Your assignment — Look through the material below. Return exactly the lines from the one with "- Exit Barriers: Specialized" through the one with "6F「モディス Libra」", both included.

Supplied entries —
****************************************
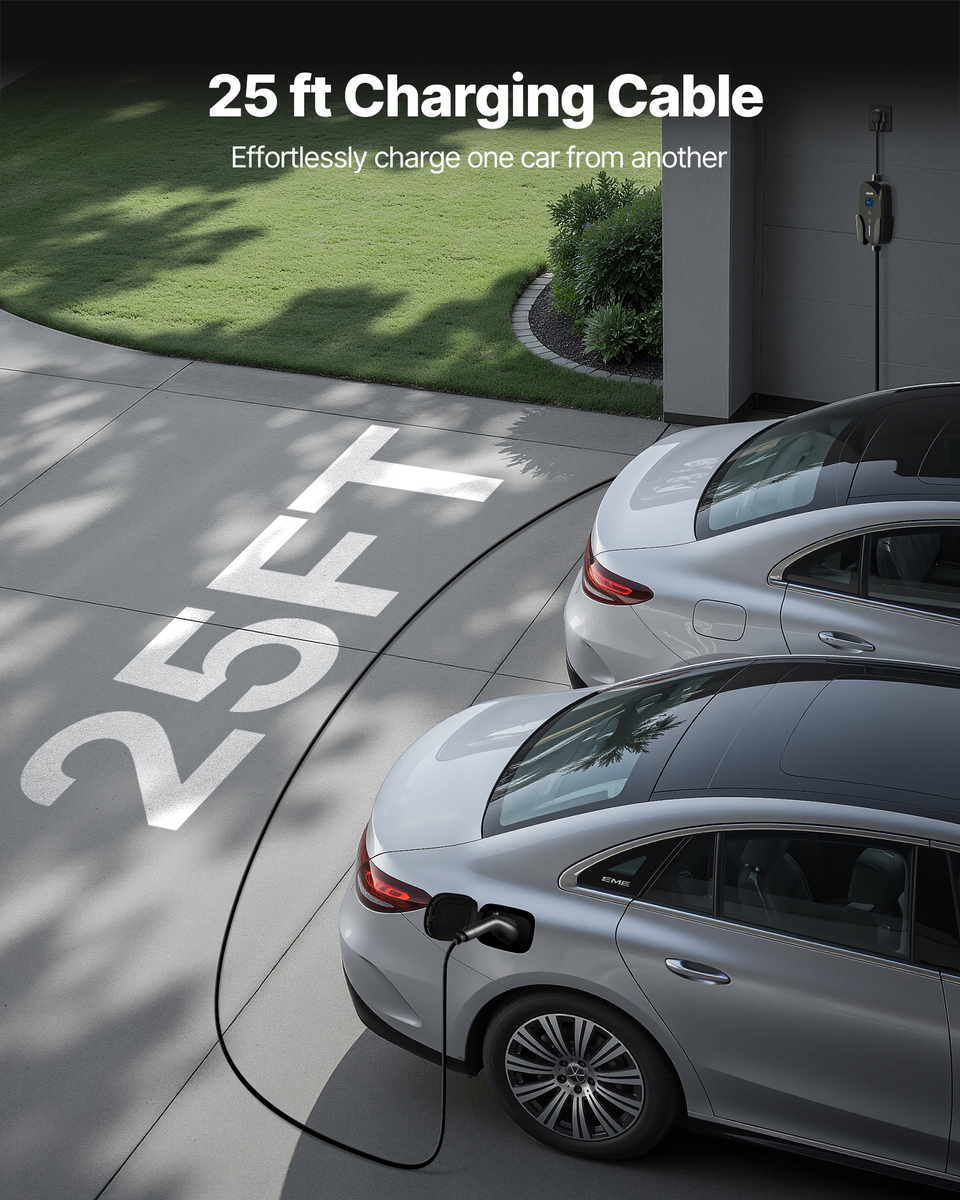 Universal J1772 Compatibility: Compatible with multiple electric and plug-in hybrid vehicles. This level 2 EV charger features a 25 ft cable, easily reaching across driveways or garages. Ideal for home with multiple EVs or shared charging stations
****************************************
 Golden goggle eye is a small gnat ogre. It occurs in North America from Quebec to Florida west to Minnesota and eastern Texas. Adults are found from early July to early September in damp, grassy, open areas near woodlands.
****************************************
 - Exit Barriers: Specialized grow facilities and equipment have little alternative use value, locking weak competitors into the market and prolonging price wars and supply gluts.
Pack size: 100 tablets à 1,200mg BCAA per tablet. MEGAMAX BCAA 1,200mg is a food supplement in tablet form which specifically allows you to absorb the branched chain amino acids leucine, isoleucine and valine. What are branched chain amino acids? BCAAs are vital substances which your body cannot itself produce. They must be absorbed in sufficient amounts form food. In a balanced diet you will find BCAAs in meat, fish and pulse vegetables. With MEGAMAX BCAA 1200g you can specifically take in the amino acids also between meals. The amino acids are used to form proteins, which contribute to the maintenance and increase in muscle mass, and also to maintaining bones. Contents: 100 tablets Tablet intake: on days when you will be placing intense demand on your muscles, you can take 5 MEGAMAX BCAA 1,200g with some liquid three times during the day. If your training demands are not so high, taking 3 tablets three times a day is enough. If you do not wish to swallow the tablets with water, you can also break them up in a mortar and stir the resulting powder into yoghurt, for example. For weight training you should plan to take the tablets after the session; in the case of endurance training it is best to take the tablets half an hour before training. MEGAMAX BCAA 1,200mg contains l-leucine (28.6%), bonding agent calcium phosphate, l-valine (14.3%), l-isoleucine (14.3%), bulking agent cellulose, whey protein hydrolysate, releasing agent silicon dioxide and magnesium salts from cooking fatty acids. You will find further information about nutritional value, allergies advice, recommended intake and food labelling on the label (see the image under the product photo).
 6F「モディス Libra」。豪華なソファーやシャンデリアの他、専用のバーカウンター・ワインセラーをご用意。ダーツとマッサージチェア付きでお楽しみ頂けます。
****************************************
Answer for the task —
 - Exit Barriers: Specialized grow facilities and equipment have little alternative use value, locking weak competitors into the market and prolonging price wars and supply gluts.
Pack size: 100 tablets à 1,200mg BCAA per tablet. MEGAMAX BCAA 1,200mg is a food supplement in tablet form which specifically allows you to absorb the branched chain amino acids leucine, isoleucine and valine. What are branched chain amino acids? BCAAs are vital substances which your body cannot itself produce. They must be absorbed in sufficient amounts form food. In a balanced diet you will find BCAAs in meat, fish and pulse vegetables. With MEGAMAX BCAA 1200g you can specifically take in the amino acids also between meals. The amino acids are used to form proteins, which contribute to the maintenance and increase in muscle mass, and also to maintaining bones. Contents: 100 tablets Tablet intake: on days when you will be placing intense demand on your muscles, you can take 5 MEGAMAX BCAA 1,200g with some liquid three times during the day. If your training demands are not so high, taking 3 tablets three times a day is enough. If you do not wish to swallow the tablets with water, you can also break them up in a mortar and stir the resulting powder into yoghurt, for example. For weight training you should plan to take the tablets after the session; in the case of endurance training it is best to take the tablets half an hour before training. MEGAMAX BCAA 1,200mg contains l-leucine (28.6%), bonding agent calcium phosphate, l-valine (14.3%), l-isoleucine (14.3%), bulking agent cellulose, whey protein hydrolysate, releasing agent silicon dioxide and magnesium salts from cooking fatty acids. You will find further information about nutritional value, allergies advice, recommended intake and food labelling on the label (see the image under the product photo).
 6F「モディス Libra」。豪華なソファーやシャンデリアの他、専用のバーカウンター・ワインセラーをご用意。ダーツとマッサージチェア付きでお楽しみ頂けます。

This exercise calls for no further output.